## DIRECTIONS:
Starting at the first line of the data, print every line up to and including the one with "ลิโอเนล เมสซี่ สร้างความตื่นเต้นทั่วอินเดีย", but no pictures.

## DATASET CONTENT:
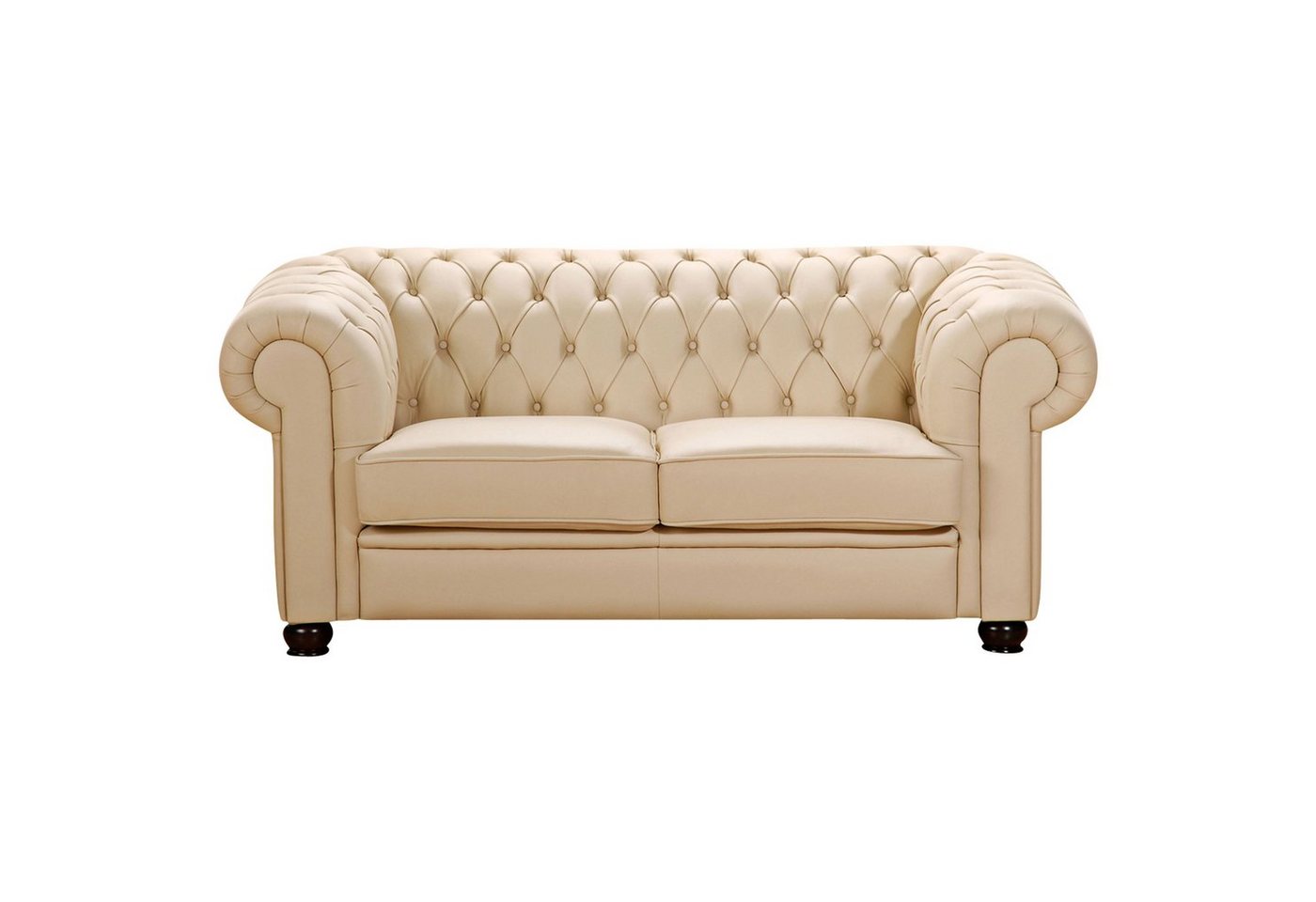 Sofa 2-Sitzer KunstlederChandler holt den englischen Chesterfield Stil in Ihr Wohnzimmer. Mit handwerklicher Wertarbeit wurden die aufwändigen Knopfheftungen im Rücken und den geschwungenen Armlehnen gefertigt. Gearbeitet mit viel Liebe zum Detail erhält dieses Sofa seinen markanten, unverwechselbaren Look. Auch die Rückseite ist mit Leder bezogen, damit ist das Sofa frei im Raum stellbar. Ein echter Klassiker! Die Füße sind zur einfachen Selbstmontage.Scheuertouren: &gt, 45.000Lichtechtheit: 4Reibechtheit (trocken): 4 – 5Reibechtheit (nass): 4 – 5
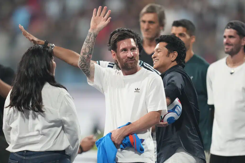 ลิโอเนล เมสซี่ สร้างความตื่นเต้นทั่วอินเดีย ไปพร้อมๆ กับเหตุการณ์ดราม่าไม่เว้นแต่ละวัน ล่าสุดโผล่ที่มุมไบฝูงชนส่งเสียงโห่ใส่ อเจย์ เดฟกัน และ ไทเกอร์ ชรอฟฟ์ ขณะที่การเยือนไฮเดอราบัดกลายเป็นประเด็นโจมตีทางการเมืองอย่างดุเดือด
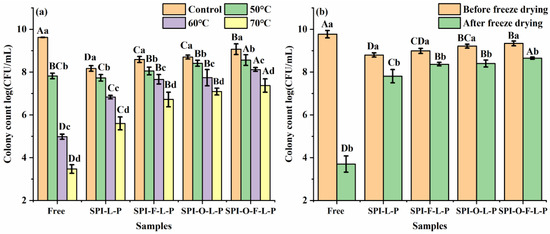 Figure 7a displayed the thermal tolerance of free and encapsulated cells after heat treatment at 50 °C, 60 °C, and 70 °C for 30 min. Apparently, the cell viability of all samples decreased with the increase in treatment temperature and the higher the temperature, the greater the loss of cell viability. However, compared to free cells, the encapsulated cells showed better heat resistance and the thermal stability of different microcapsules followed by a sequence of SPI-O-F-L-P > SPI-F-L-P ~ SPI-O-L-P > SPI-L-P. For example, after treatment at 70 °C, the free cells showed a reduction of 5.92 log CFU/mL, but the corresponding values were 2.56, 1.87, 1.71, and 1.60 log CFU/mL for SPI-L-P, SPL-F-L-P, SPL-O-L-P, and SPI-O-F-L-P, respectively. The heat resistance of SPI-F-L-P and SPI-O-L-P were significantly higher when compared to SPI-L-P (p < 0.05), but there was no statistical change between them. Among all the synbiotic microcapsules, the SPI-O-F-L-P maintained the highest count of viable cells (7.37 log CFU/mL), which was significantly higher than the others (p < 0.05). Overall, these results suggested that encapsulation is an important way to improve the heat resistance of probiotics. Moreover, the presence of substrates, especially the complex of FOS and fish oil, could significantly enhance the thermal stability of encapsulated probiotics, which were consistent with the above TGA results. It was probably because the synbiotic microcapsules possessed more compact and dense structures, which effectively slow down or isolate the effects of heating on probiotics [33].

## RESPONSE:
 Sofa 2-Sitzer KunstlederChandler holt den englischen Chesterfield Stil in Ihr Wohnzimmer. Mit handwerklicher Wertarbeit wurden die aufwändigen Knopfheftungen im Rücken und den geschwungenen Armlehnen gefertigt. Gearbeitet mit viel Liebe zum Detail erhält dieses Sofa seinen markanten, unverwechselbaren Look. Auch die Rückseite ist mit Leder bezogen, damit ist das Sofa frei im Raum stellbar. Ein echter Klassiker! Die Füße sind zur einfachen Selbstmontage.Scheuertouren: &gt, 45.000Lichtechtheit: 4Reibechtheit (trocken): 4 – 5Reibechtheit (nass): 4 – 5
 ลิโอเนล เมสซี่ สร้างความตื่นเต้นทั่วอินเดีย ไปพร้อมๆ กับเหตุการณ์ดราม่าไม่เว้นแต่ละวัน ล่าสุดโผล่ที่มุมไบฝูงชนส่งเสียงโห่ใส่ อเจย์ เดฟกัน และ ไทเกอร์ ชรอฟฟ์ ขณะที่การเยือนไฮเดอราบัดกลายเป็นประเด็นโจมตีทางการเมืองอย่างดุเดือด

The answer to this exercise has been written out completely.